Required work
Look through the listing below for the line with "Automazgātuve tika atklāta" and the line with "这张图是根据26.8万台装有". Copy both, along with every line between them, exactly and with no pictures.

Exercise data

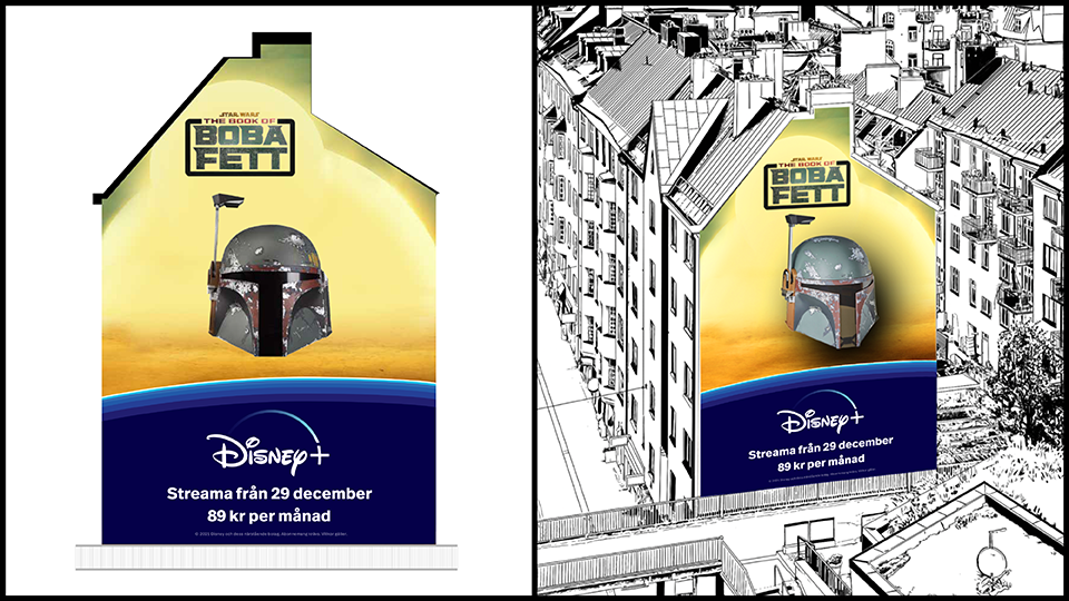 Asset production for a bespoke wall projection in Stockholm, promoting the launch of Star Wars' The Book of Boba Fett series. This project included video compositing and VFX editing.
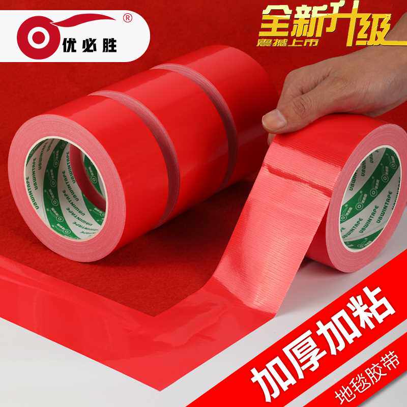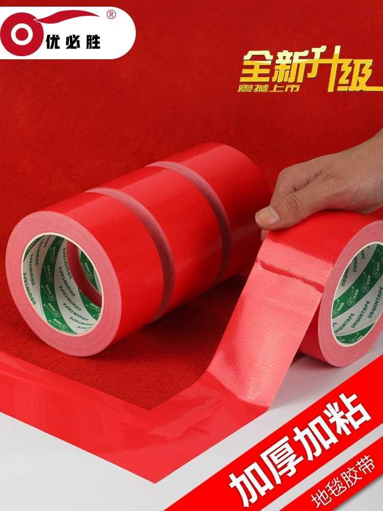 优必胜红色布基胶带单面强力地毯加厚防水不留胶装饰地面高粘无痕防水补漏贴地毯无痕强力胶布婚庆地毯胶
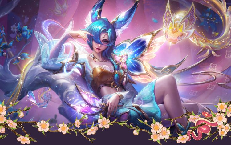 霞四周被金色蝴蝶围绕,翅膀由粉色幻化为蓝色,向敌方攻击时,蝴蝶会随匕首一同撞向敌方,暂时获得攻速提升并造成额外伤害。击中敌方英雄后还能提供移速加成,身后带有蓝色拖尾特效。
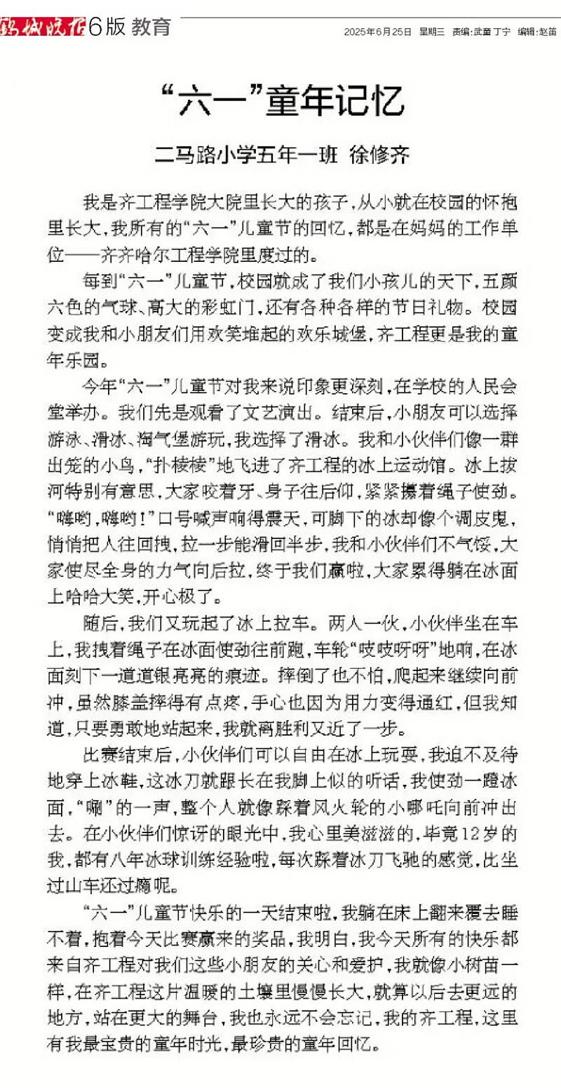 日期:2025-06-27 来源: 作者:二马路小学五年一班 徐修齐 浏览次数:
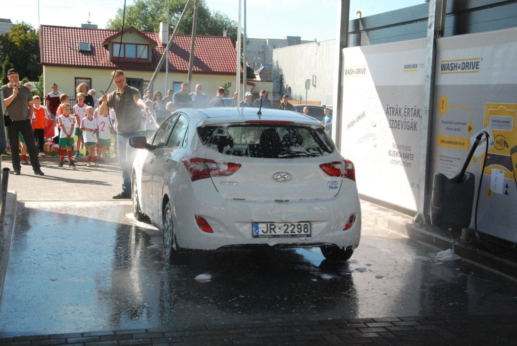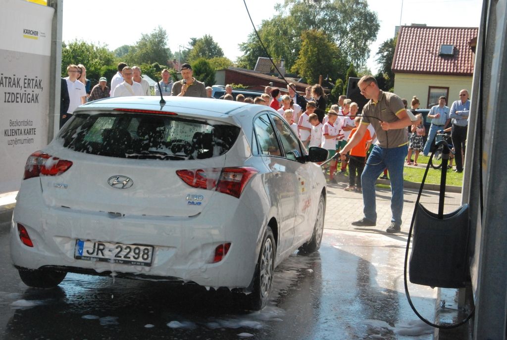 Automazgātuve tika atklāta ar uzņēmuma “Karcher” eksperta paraugdemonstrējumu. Pēc tam futbola kluba "Liepāja" jaunie futbolisti noķēpāja spēkratus auto ātrmazgāšanas sacensībām.Tajās piedalījās laikraksts "Kursas Laiks" un bankas "Citadele" Liepājas filiāles vadītājs Toms Stārosts. Dalībniekus vērtēja mūziķis Ivo Fomins.
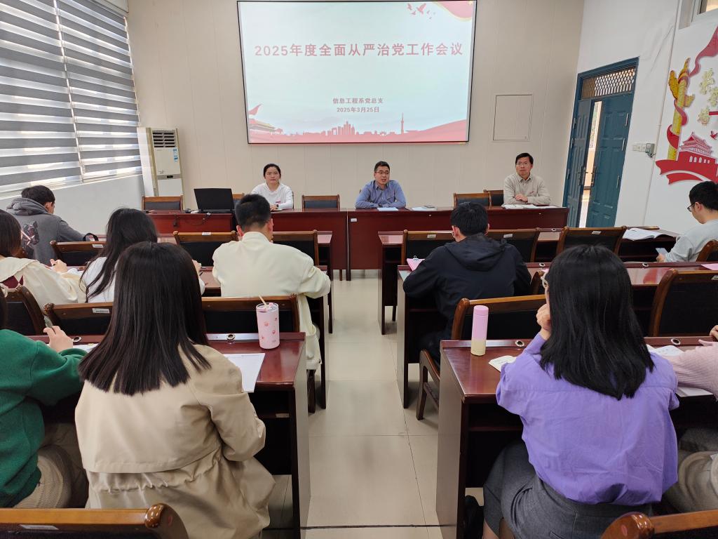 2025年3月25日下午,信息工程系党总支在信工楼408会议室召开2025年度全面从严治党工作会议,系部全体教职工参加了会议,会议由系党总支书记、主任华建祥主持。
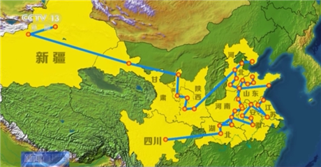 这张图是根据26.8万台装有北斗导航的联合收割机的常年作业数据绘制的小麦机收路线图。从图上能看到,小麦机收最早从西南地区开始,继而转向冀鲁豫苏皖等黄淮海麦区,最后奔向陕西、甘肃、新疆。
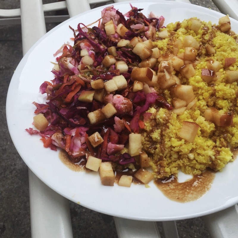 The Wild Bowl was made with turmeric cauliflower rice, brussel sprout-cabbage-carrot slaw, apples and broth!
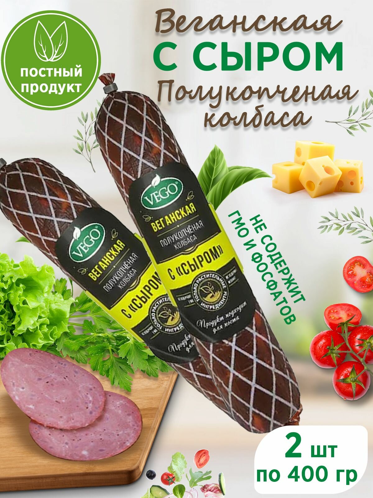 Колбаса постная веганская полукопченая с сыром VEGO, 2 шт по 400 гр информация:

Output for this task
 Automazgātuve tika atklāta ar uzņēmuma “Karcher” eksperta paraugdemonstrējumu. Pēc tam futbola kluba "Liepāja" jaunie futbolisti noķēpāja spēkratus auto ātrmazgāšanas sacensībām.Tajās piedalījās laikraksts "Kursas Laiks" un bankas "Citadele" Liepājas filiāles vadītājs Toms Stārosts. Dalībniekus vērtēja mūziķis Ivo Fomins.
 2025年3月25日下午,信息工程系党总支在信工楼408会议室召开2025年度全面从严治党工作会议,系部全体教职工参加了会议,会议由系党总支书记、主任华建祥主持。
 这张图是根据26.8万台装有北斗导航的联合收割机的常年作业数据绘制的小麦机收路线图。从图上能看到,小麦机收最早从西南地区开始,继而转向冀鲁豫苏皖等黄淮海麦区,最后奔向陕西、甘肃、新疆。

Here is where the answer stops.